Miracles and masterpieces

I've been waiting for someone to say something like this and Joe Queenan now has. He's attending to what he calls 'the least-discussed subject in the world of belles-lettres' - book reviews handing out unmerited praise. Queenan says (and has some fun saying it):

[T]he vast majority of book reviews are favorable, even though the vast majority of books deserve little praise.
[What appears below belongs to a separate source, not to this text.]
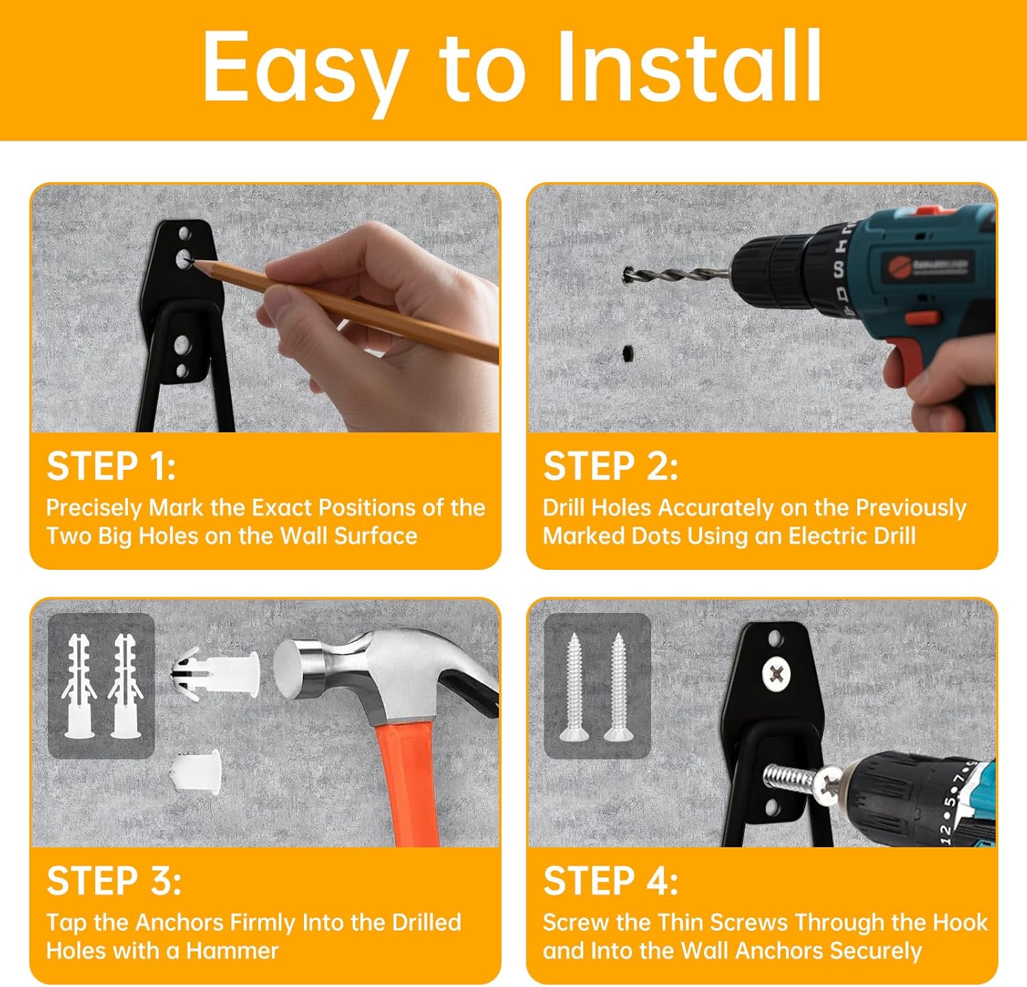 - 【Anti-Slip Design】The Anti-Slip U-Shaped Design securely cradles irregular items like power tools, garden hoses, and extension cords, preventing slippage while optimizing wall space efficiency.

I don't know about that, but I have been wondering lately at the number of commendations on the covers of books that have seemed to me totally over the top. I give three examples from novels I've read in the last few months; the first of them I really rated, the second I thought was OK, and the last is a literary failure to rank amongst the most comprehensive. Critics said (in turn):

(1) '[The author] throws down sentences that will leave you amazed.'

(2) 'A novella-sized miracle of passion and war.'

(3) 'This is a small masterpiece.'

Think about how often it is that a sentence leaves you amazed, unless because it is bringing you a piece of startling news or is appallingly constructed. Yet this critic thinks this writer 'throws down' (!) sentences - in the plural - to leave the reader amazed. I loved the book and by some of its sentences I was, just possibly, struck; but I was never amazed. Then, 'miracle of passion and war'. Well, the book in question contains both passion and war and is reasonably absorbing. But it ain't no miracle. What does a novel need to do to be a miracle? I leave the question unanswered, but you would expect such a book to be at least exceptional within some few decades, which this one wasn't. Finally, the small masterpiece is the book I thought a comprehensive failure of a novel. OK, so judgements differ. A masterpiece, however, even if more frequent than a miracle, doesn't come along all that often, and I'll wager that, 20 years since its first publication, there are few people who think of this book as a masterpiece, if indeed they think of it at all.